In this study, we examined four DNA barcoding regions in Korean Caryophyllaceae species. Ideal DNA barcodes allow for easy amplification and have sufficient variable sites to identify species [22]. Across taxa, all regions were well amplified with universal primers and sequences were obtained successfully. These results corresponded with the criteria for easy amplification. However, when considering their discriminatory ability, the combination of ITS was deemed as the optimal DNA barcode, with 71.43 to 75.32% in the phylogenetic analyses (Table 3). The best close match supported such a result of phylogenetic analysis, although there are some differences between the two analyses (Table 3). This identification resolution was comparable to that of other angiosperm taxa [45,46,47]. ITS is well known to have many informative sites; therefore, this region has previously been suggested as a DNA barcode in other plants because of its high resolution [47,48,49,50,51]. These results may have been influenced by the mutation rate of ITS being higher than that of chloroplast genes (rbcL and matK) [52,53]. Similar to the results of previous studies, our results showed a higher discriminatory power when using ITS (>72%) than when using only chloroplast DNA regions (<61%) (Table 3). A low amplification rate of ITS has occasionally been reported according to the taxon [54], although such a problem was not observed in this study.
Although the addition of the psbA–trnH region (74.03%) did not improve the ability of species identification when compared with using only ITS (74.03%), this region did enhance discriminatory power at the genus level (Table 3). In the ITS and ITS + rbcL trees, Silene oliganthella Nakai ex Kitag. was not well distinguished from the congeneric species Silene fasciculata Nakai and Silene jenisseensis Willd. because of its short branch (Figure 4 and Figure 5). Meanwhile, Silene oliganthella diverged deeply from the latter with a long branch on the ITS + psbA–trnH tree (Figure S15). However, such expectations require caution, considering that only one sample of Silene oliganthella was included in the present study. In addition, with regard to taxonomy, the species was regarded as a variety or synonym of Silene jenisseensis [55]. Despite considerable sequence variation in psbA–trnH attributed to divergence among Silene species, simultaneous high variation within species disturbed precise identification in the case of Pseudostellaria.
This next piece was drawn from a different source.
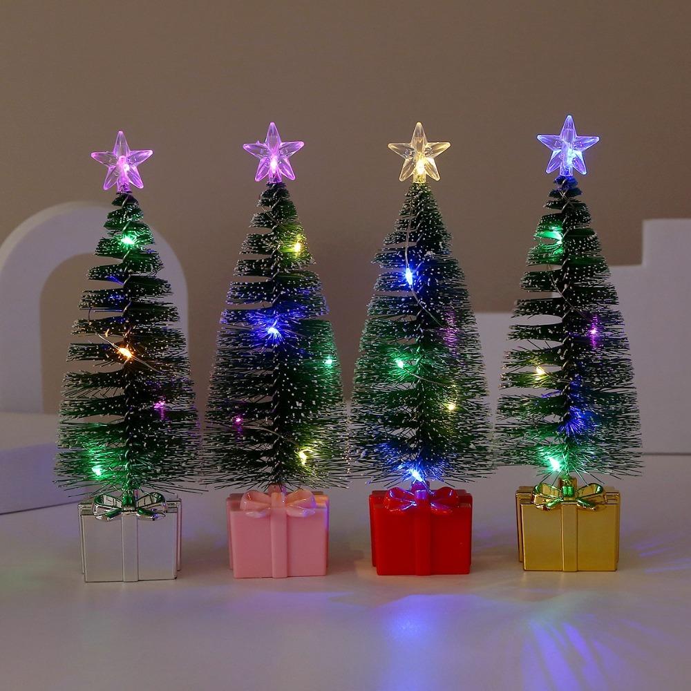 4pcs Funny LED Candle Christmas Night Light Pine Tree Plastic Xmas Tree Candle Lamps Luminous Ornament Desktop Decor

Sequence variations within species were detected, although some were shared with individuals of other species. Such a low resolution of psbA–trnH has also been observed in other lineages [56,57]. In addition, bi-directional sequencing of psbA–trnH often failed, which was thought to be due to long mononucleotide repeats [58,59] or a potential loop structure [60]. In fact, slippage after long mononucleotide repeats was observed in Dianthus and Saponaria, whilst a pair of inverted repeats that could form a cruciform shape was found in Cerastium, Sagina, and Spergularia (Figure 1). Therefore, in this study, we suggest ITS as a DNA barcode for Korean Caryophyllaceae species when considering both cost efficiency and discriminatory power, such as previous DNA barcoding studies [47,48,49,50,51]. Furthermore, using rbcL is recommended for better resolution (Table 3). In addition, psbA–trnH could be used as a supplementary region for the identification of a genus such as Silene. It is probable when considering the high degree of species identification in the best close match (Table 3). When considering cases where two DNA barcode regions were combined, it was supported by the ASAP result that the highest degree of species partitioning (37) was observed in ITS + psbA–trnH (under the best ASAP score).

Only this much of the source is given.